A BACKGROUND TO HORN

 

 

Horn comes from a group of animals called bovids (family Bovidae), which is a large group of cloven-hoofed mammals encompassing cattle, sheep, goats, antelopes, buffalo and others.  Rhinocerous horn is a separate and unique horn, and the rhino is not a bovid.  It is the only type of horn which is solid for its entire length, and it also differs in growth and structure.  (See ‘A Background to Rhino Horn’)

 

 

 

 

 

 

 

 

 

 

 

 

 

 

 

 

 

 

 

 

Horns from various animals: ox, yak, kudu, cow, ram and musk ox.

Bovids carry a pair of horns, which protrude from the front of the skull of the animal.  They consist of a sheath of keratin covering a bony core.  Horns should not be confused with antlers (the bony, branched structures carried by animals of the Cervidae family, i.e. all types of deer), which are shed annually.  Horns are not branched, and they are permanent and grow throughout the animal’s life.  Both males and females carry horns, though in a few species only the males do so.

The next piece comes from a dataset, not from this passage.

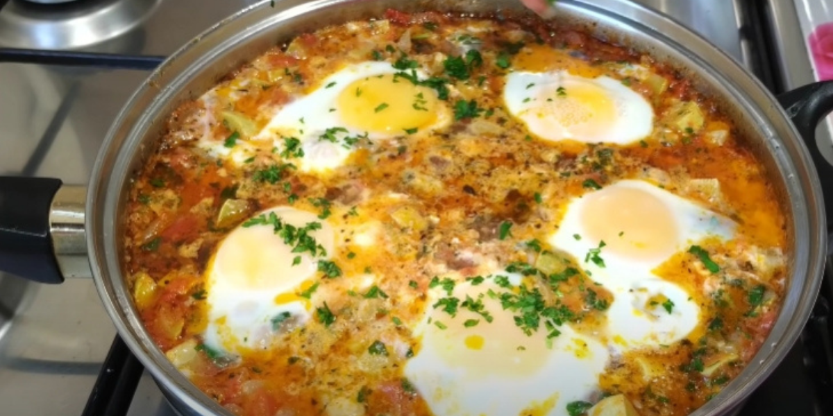 V tu chvíli směs zasypejte čerstvě nasekanou petrželkou a vyklepněte do pánve pět vajec, aniž byste je  promíchali, přiklopte pokličkou a nechte další 2 až 3 minuty povařit, aby bílek ztuhl, ale žloutek zůstal tekutý.

                                                                                                 Left: animal skull with one horn sheath cut away to show the bony

                                                                                                 protuberance beneath, and right: young water buffalo.

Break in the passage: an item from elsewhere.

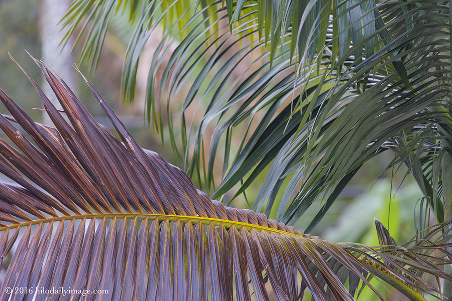 There's no leap year significance to this one. I noticed a dying frond on the small Areca, and liked its combination of brown and yellow. That's it.

                                                                                             

Horn is made mainly of a hard, insoluble protein containing large amounts of sulphur-rich amino acids, called keratin.  It occurs widely in the animal kingdom as a constituent of hair and fur, feathers, nails, claws, and skin.  Other animal materials such as tortoiseshell, armadillo and pangolin scales are also made predominantly of keratin.

 

A characteristic of keratin is that it is thermoplastic, which means that it can be heated and re-shaped, retaining its new shape when it cools down.  This process can be repeated. Further, horn pieces can be welded together using heat and pressure to make it into larger sheets or to attach it to another, similar, thermoplastic material – e.g. tortoiseshell – to give it bulk.  Horn’s thermoplasticity has made it a useful material for many hundreds of years.  Another characteristic of horn is that it is water-proof and air-tight.  This, and the fact that they are hollow, made horn very suitable for use as snuff boxes or powder horns, where it was imperative that the snuff or gunpowder be kept in the correct conditi

 

 

 

 

 

 

 

 

 

 

 

 

 

 

 

 

 

 

 

 

Left to right: horn snuff mull; 2 horn beakers; and cane with ram's horn handle plus unworked ram's horn.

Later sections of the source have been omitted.